* Exercise
Reproduce, word for word, the lines in the material below starting with the one that has "In this study, Monte" and going on through the one that has "明後日の「お弁当の日」に向け". Leave out all pictures.

* Data records

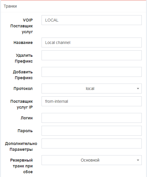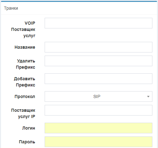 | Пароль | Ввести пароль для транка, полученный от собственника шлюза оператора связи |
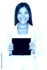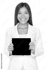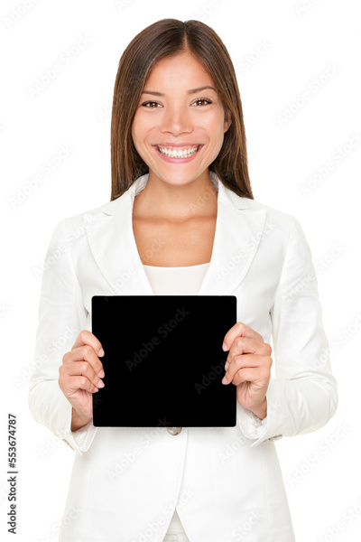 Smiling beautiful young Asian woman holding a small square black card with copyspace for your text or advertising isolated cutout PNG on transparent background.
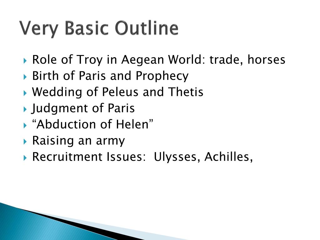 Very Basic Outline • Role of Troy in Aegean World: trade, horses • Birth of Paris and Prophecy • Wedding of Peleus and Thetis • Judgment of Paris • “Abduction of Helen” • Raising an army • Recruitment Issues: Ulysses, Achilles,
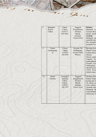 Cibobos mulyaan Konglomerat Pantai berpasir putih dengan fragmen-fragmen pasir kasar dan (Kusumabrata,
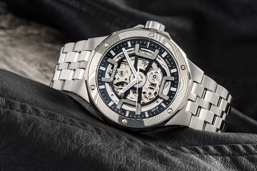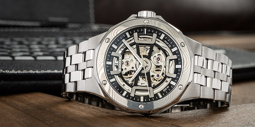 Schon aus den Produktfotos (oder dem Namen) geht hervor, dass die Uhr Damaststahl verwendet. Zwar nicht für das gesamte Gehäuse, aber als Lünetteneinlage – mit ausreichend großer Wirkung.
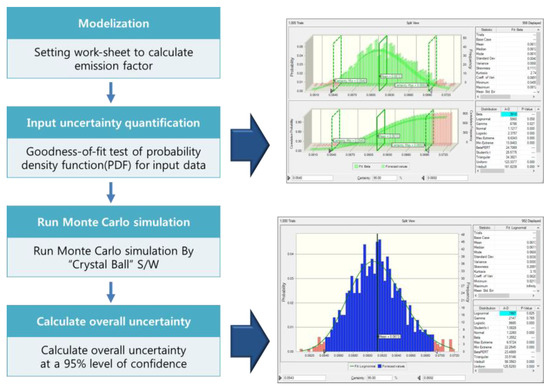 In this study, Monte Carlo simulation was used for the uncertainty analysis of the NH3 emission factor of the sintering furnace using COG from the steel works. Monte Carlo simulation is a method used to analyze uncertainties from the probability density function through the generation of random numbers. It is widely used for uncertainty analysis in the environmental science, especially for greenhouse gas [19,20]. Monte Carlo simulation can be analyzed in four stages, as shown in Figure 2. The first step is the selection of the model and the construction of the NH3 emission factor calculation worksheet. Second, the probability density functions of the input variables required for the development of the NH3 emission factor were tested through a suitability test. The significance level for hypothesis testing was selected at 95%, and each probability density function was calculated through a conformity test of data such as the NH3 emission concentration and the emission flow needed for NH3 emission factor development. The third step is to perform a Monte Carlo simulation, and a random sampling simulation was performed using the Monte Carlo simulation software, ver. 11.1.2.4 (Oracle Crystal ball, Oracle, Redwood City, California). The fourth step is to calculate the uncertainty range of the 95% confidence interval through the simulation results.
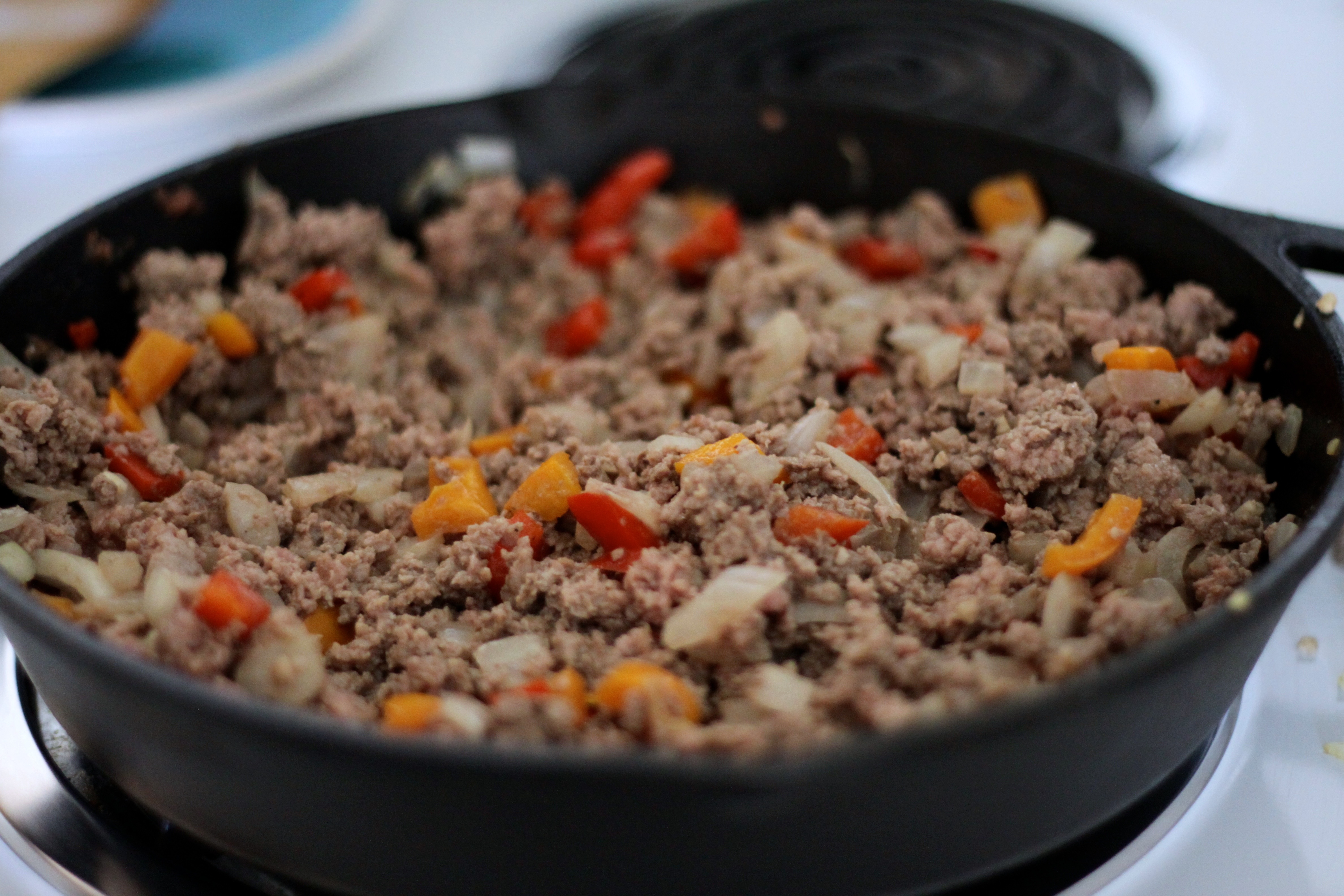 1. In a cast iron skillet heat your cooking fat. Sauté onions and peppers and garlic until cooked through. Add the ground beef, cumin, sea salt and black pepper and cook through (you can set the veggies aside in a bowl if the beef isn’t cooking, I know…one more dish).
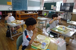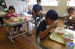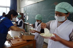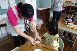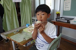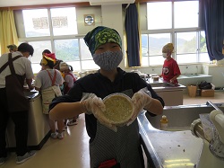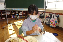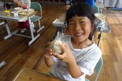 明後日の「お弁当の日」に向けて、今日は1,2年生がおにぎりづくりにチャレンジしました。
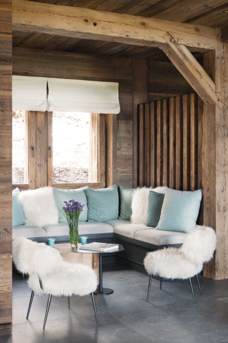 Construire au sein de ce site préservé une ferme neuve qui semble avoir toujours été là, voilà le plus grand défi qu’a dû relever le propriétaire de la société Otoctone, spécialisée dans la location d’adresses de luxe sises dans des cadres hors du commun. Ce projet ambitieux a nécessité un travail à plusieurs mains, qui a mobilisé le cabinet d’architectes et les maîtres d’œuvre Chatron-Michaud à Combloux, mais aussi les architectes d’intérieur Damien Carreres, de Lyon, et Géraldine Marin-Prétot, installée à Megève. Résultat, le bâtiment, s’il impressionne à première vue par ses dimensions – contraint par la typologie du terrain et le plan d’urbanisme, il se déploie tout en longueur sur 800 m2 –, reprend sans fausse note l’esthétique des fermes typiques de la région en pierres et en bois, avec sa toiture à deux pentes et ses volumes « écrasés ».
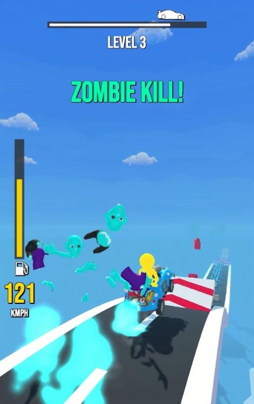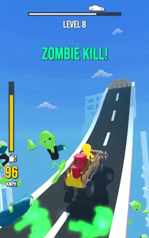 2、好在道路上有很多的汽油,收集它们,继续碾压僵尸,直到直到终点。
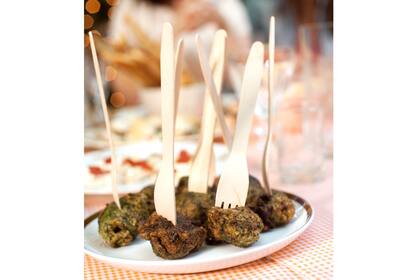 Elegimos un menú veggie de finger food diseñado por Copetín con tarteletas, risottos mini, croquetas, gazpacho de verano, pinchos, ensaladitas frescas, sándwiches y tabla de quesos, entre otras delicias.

* Output
 In this study, Monte Carlo simulation was used for the uncertainty analysis of the NH3 emission factor of the sintering furnace using COG from the steel works. Monte Carlo simulation is a method used to analyze uncertainties from the probability density function through the generation of random numbers. It is widely used for uncertainty analysis in the environmental science, especially for greenhouse gas [19,20]. Monte Carlo simulation can be analyzed in four stages, as shown in Figure 2. The first step is the selection of the model and the construction of the NH3 emission factor calculation worksheet. Second, the probability density functions of the input variables required for the development of the NH3 emission factor were tested through a suitability test. The significance level for hypothesis testing was selected at 95%, and each probability density function was calculated through a conformity test of data such as the NH3 emission concentration and the emission flow needed for NH3 emission factor development. The third step is to perform a Monte Carlo simulation, and a random sampling simulation was performed using the Monte Carlo simulation software, ver. 11.1.2.4 (Oracle Crystal ball, Oracle, Redwood City, California). The fourth step is to calculate the uncertainty range of the 95% confidence interval through the simulation results.
 1. In a cast iron skillet heat your cooking fat. Sauté onions and peppers and garlic until cooked through. Add the ground beef, cumin, sea salt and black pepper and cook through (you can set the veggies aside in a bowl if the beef isn’t cooking, I know…one more dish).
 明後日の「お弁当の日」に向けて、今日は1,2年生がおにぎりづくりにチャレンジしました。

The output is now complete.